Requirement – Would you reproduce each line below exactly, leaving every picture out?

Records shown –
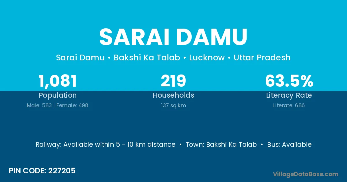 Bakshi Ka Talab is the nearest town to Sarai Damu village for major economic activities
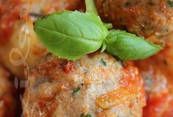 5)Dans un plat allant au four, mettez les boulettes avec la sauce, couvrez des tranches de mozzarella et faites cuire au centre du four 10 minutes ou jusqu'à ce que le fromage soit gratiné.
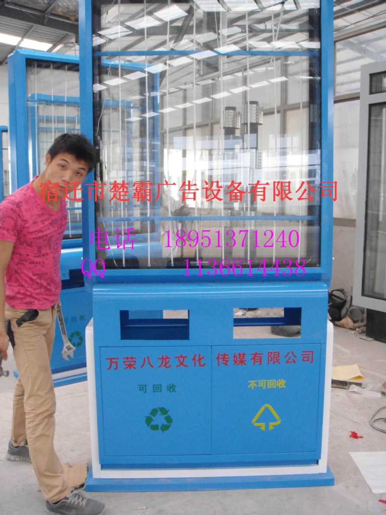 楚霸广告专业从事于公共环卫设施的设计研发、生产销售。环卫产品有户外广告灯箱、不锈钢广告垃圾箱、滚动广告垃圾箱、LED广告垃圾箱、镀锌板喷塑广告垃圾箱、分类广告垃圾箱、环保垃圾箱等环卫配套公共设施;本公司的宗旨是“科学理念,以人为本;以质量求生存、以管理求效益”!本公司已通过ISO9001:2000质量管理体系认证.是宿迁市环卫协会会员单位,全国质量稳定合格产品,全国用户评定满意十佳品牌.欢迎社会各界朋友光临惠顾和来电咨询,为了我们美好的家园,携手共进、共创未来!
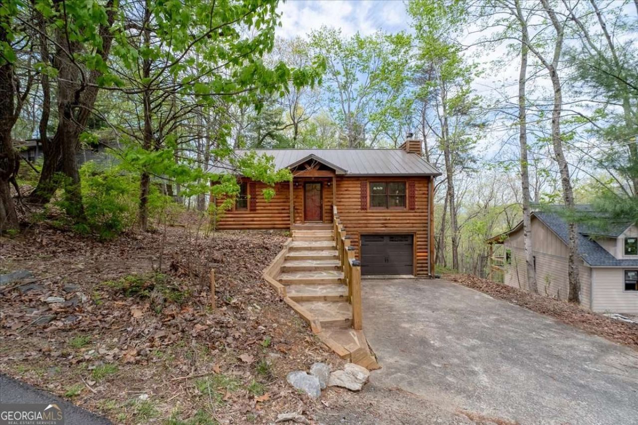 Move right in and start living your mountain dream in this delightful turnkey cabin! Experience the ultimate mountain lifestyle in this quintessential log cabin, perfectly tucked away in the gated Walnut Mountain community. This isn't just a home; it's a turnkey retreat featuring soaring vaulted beam ceilings, an open-concept floor plan, and cozy stone fireplace. Major recent upgrades include a new roof, new retaining wall, and a custom front walkway. Enjoy your privacy on the screened-in porch with peaceful, long-range wooded views. With a bedroom and full bath on each level, it's the ideal layout for guests who want separated sleeping spaces or a high-performing Short Term Rental. The storage/workshop space behind the garage is a huge bonus! Walk to the community lakes, pool, basketball/tennis courts, clubhouse, dog park and trails. Or take a short drive to historic downtown Ellijay, nearby orchards, vineyards and mountain hikes. Sis home has been well cared for and you have the security of knowing the home maintains pest, termite, and rodent warranties that are renewed annually. Experience the quiet of a mountain home that maintains a community feel. Schedule your tour today.
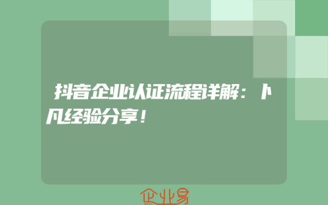 - 抖音企业认证流程详解:卜凡经验分享!
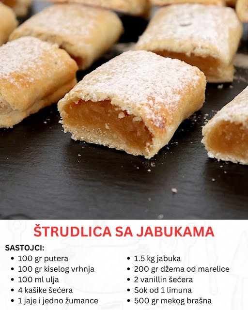 Štrudlice sa jabukama i marelicama su pravo otkriće za sve ljubitelje jednostavnih, a istovremeno neodoljivih kolača. Ovaj recept je savršen za svakoga ko traži brz i ukusan kolač koji se lako pravi, a pruža fantastične rezultate. Ove štrudlice su prhke, mekane, a uz to su i mirisne i sočne. Bez obzira da li ste početnik u kuvarstvu ili iskusni majstor, sigurno ćete uživati u pripremi ovog slatkog jela.
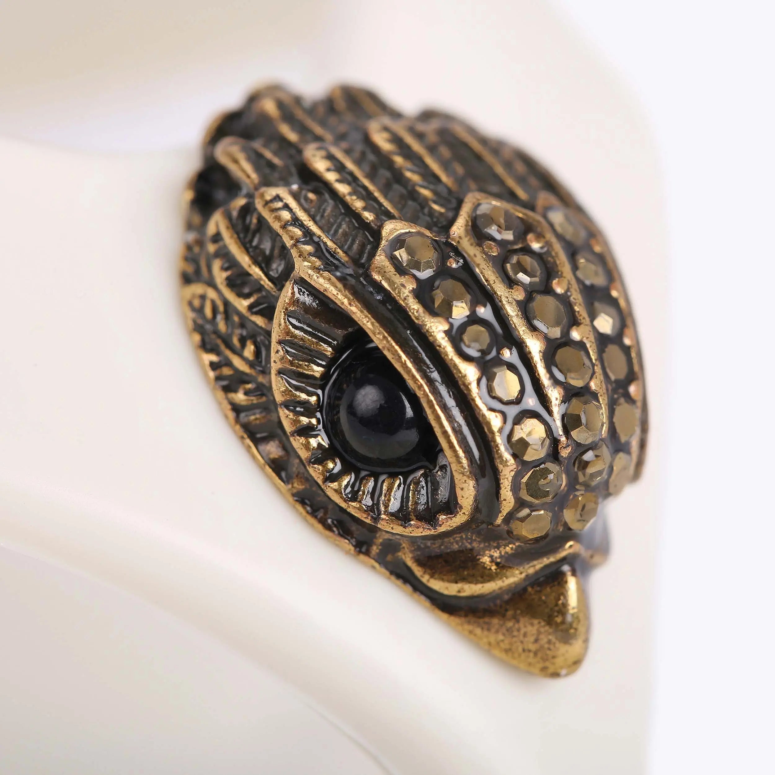 The Kensington Quilted Flip Flop, an addition to the Kensington Collection, is crafted in a toe-post style with overstitch quilt in a weave pattern on the footbed. The antiqued brass Eagle head features opaque brass crystals and black bead eyes on the toe strap.
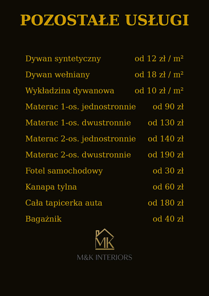 Cennik usług- pranie tapicerki
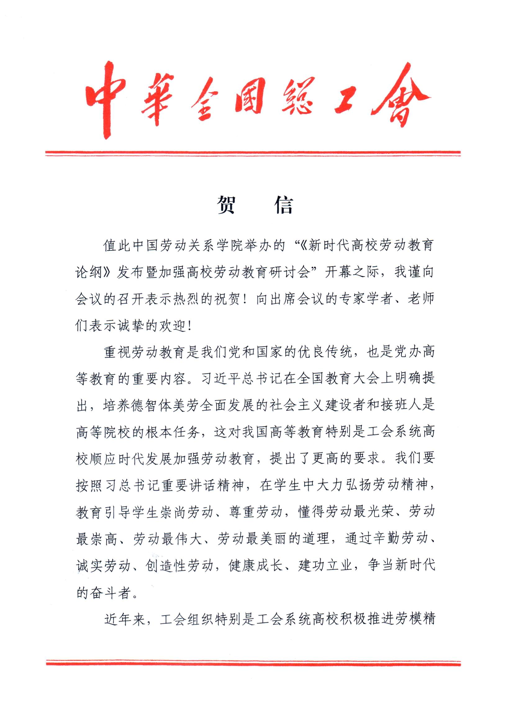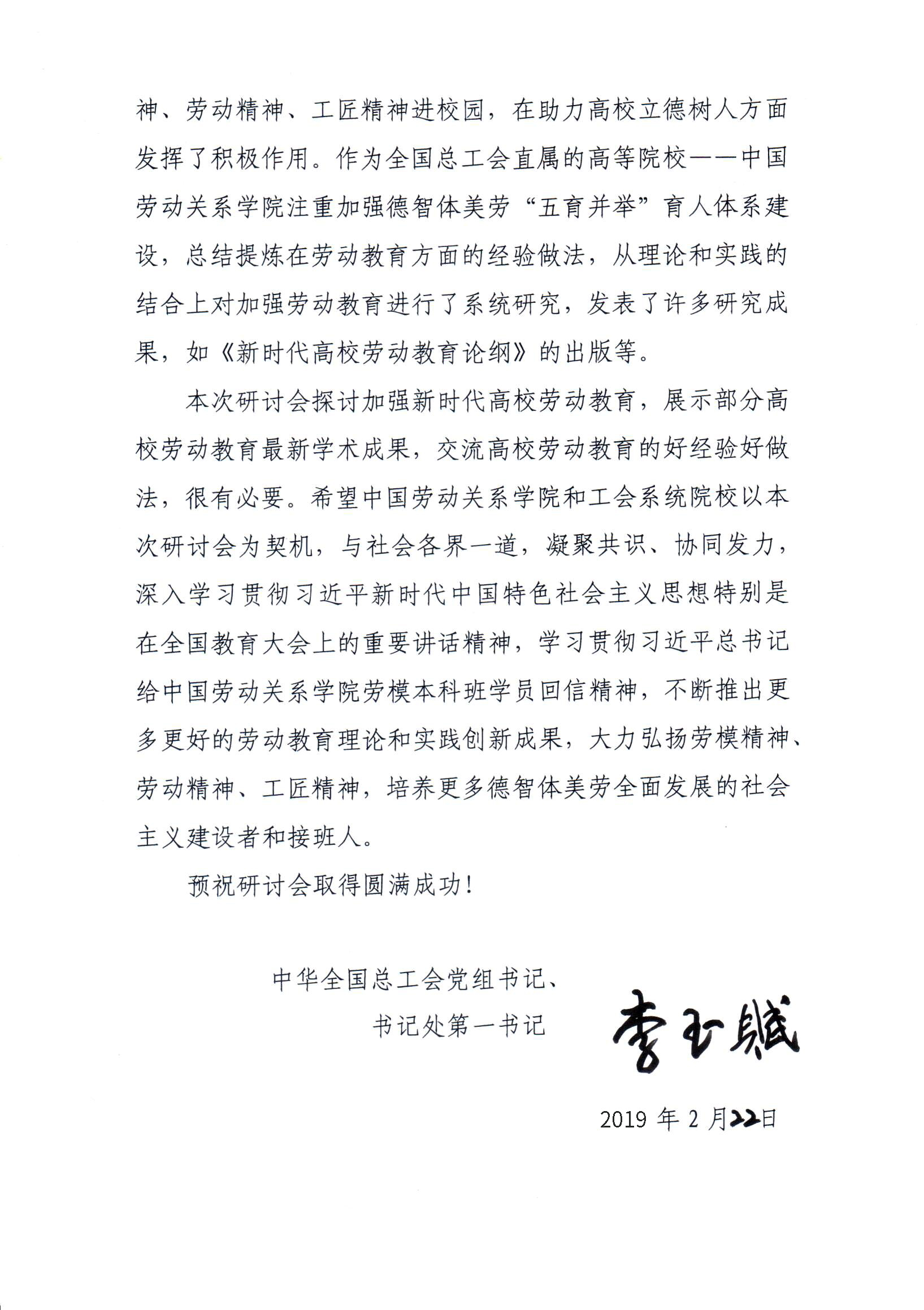 中华全国总工会党组书记、副主席、书记处第一书记李玉赋向ac米兰《新时代高校劳动教育论纲》发布暨高校加强劳动教育研讨会发来贺信
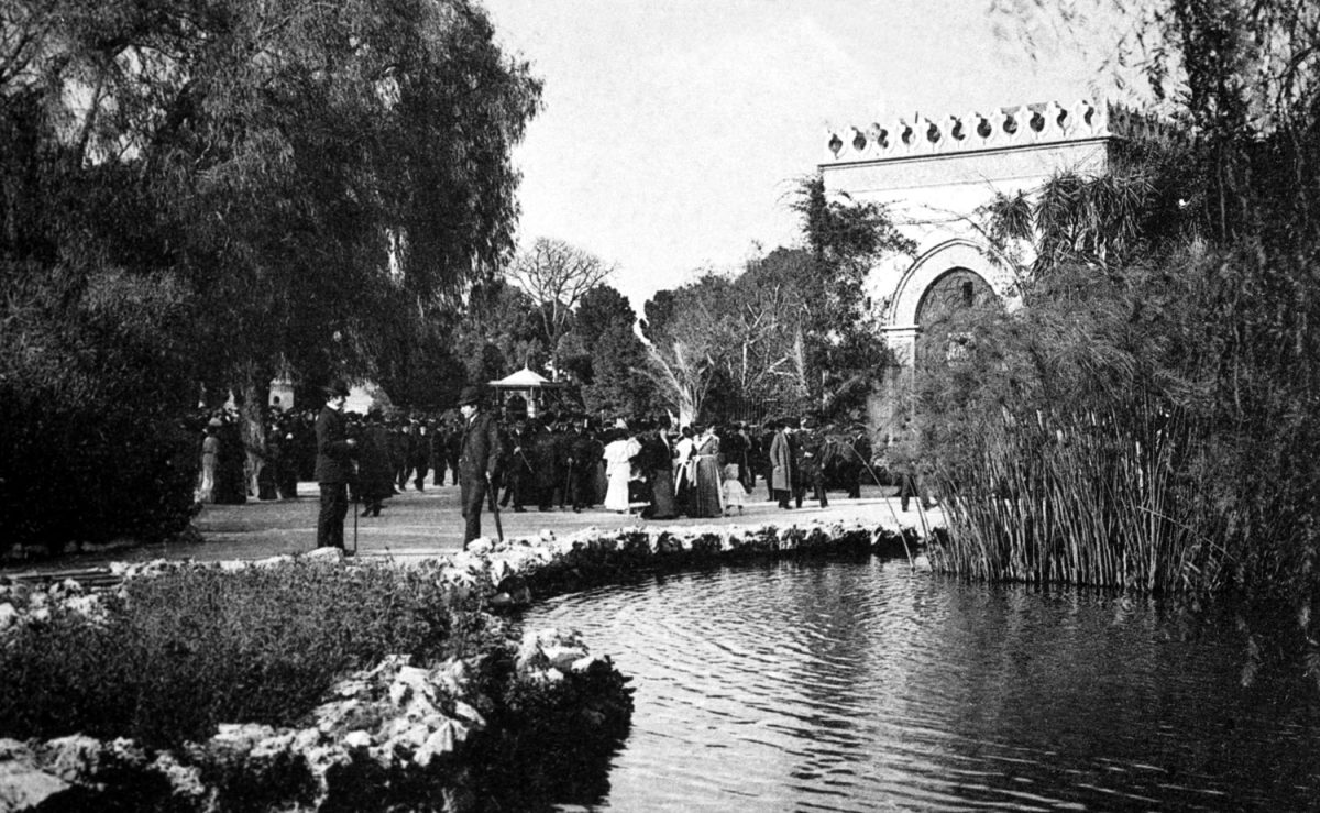 G.B.F. Basile, 1850-1851, Giardino Inglese, Palermo, veduta del lago e del Castello arabo, fotografia inizio XX secolo (coll. privata, Palermo) Lago e del Castello arabo Basile, Giardino Inglese 1850-1851 Palermo

Exercise response –
 Bakshi Ka Talab is the nearest town to Sarai Damu village for major economic activities
 5)Dans un plat allant au four, mettez les boulettes avec la sauce, couvrez des tranches de mozzarella et faites cuire au centre du four 10 minutes ou jusqu'à ce que le fromage soit gratiné.
 楚霸广告专业从事于公共环卫设施的设计研发、生产销售。环卫产品有户外广告灯箱、不锈钢广告垃圾箱、滚动广告垃圾箱、LED广告垃圾箱、镀锌板喷塑广告垃圾箱、分类广告垃圾箱、环保垃圾箱等环卫配套公共设施;本公司的宗旨是“科学理念,以人为本;以质量求生存、以管理求效益”!本公司已通过ISO9001:2000质量管理体系认证.是宿迁市环卫协会会员单位,全国质量稳定合格产品,全国用户评定满意十佳品牌.欢迎社会各界朋友光临惠顾和来电咨询,为了我们美好的家园,携手共进、共创未来!
 Move right in and start living your mountain dream in this delightful turnkey cabin! Experience the ultimate mountain lifestyle in this quintessential log cabin, perfectly tucked away in the gated Walnut Mountain community. This isn't just a home; it's a turnkey retreat featuring soaring vaulted beam ceilings, an open-concept floor plan, and cozy stone fireplace. Major recent upgrades include a new roof, new retaining wall, and a custom front walkway. Enjoy your privacy on the screened-in porch with peaceful, long-range wooded views. With a bedroom and full bath on each level, it's the ideal layout for guests who want separated sleeping spaces or a high-performing Short Term Rental. The storage/workshop space behind the garage is a huge bonus! Walk to the community lakes, pool, basketball/tennis courts, clubhouse, dog park and trails. Or take a short drive to historic downtown Ellijay, nearby orchards, vineyards and mountain hikes. Sis home has been well cared for and you have the security of knowing the home maintains pest, termite, and rodent warranties that are renewed annually. Experience the quiet of a mountain home that maintains a community feel. Schedule your tour today.
 - 抖音企业认证流程详解:卜凡经验分享!
 Štrudlice sa jabukama i marelicama su pravo otkriće za sve ljubitelje jednostavnih, a istovremeno neodoljivih kolača. Ovaj recept je savršen za svakoga ko traži brz i ukusan kolač koji se lako pravi, a pruža fantastične rezultate. Ove štrudlice su prhke, mekane, a uz to su i mirisne i sočne. Bez obzira da li ste početnik u kuvarstvu ili iskusni majstor, sigurno ćete uživati u pripremi ovog slatkog jela.
 The Kensington Quilted Flip Flop, an addition to the Kensington Collection, is crafted in a toe-post style with overstitch quilt in a weave pattern on the footbed. The antiqued brass Eagle head features opaque brass crystals and black bead eyes on the toe strap.
 Cennik usług- pranie tapicerki
 中华全国总工会党组书记、副主席、书记处第一书记李玉赋向ac米兰《新时代高校劳动教育论纲》发布暨高校加强劳动教育研讨会发来贺信
 G.B.F. Basile, 1850-1851, Giardino Inglese, Palermo, veduta del lago e del Castello arabo, fotografia inizio XX secolo (coll. privata, Palermo) Lago e del Castello arabo Basile, Giardino Inglese 1850-1851 Palermo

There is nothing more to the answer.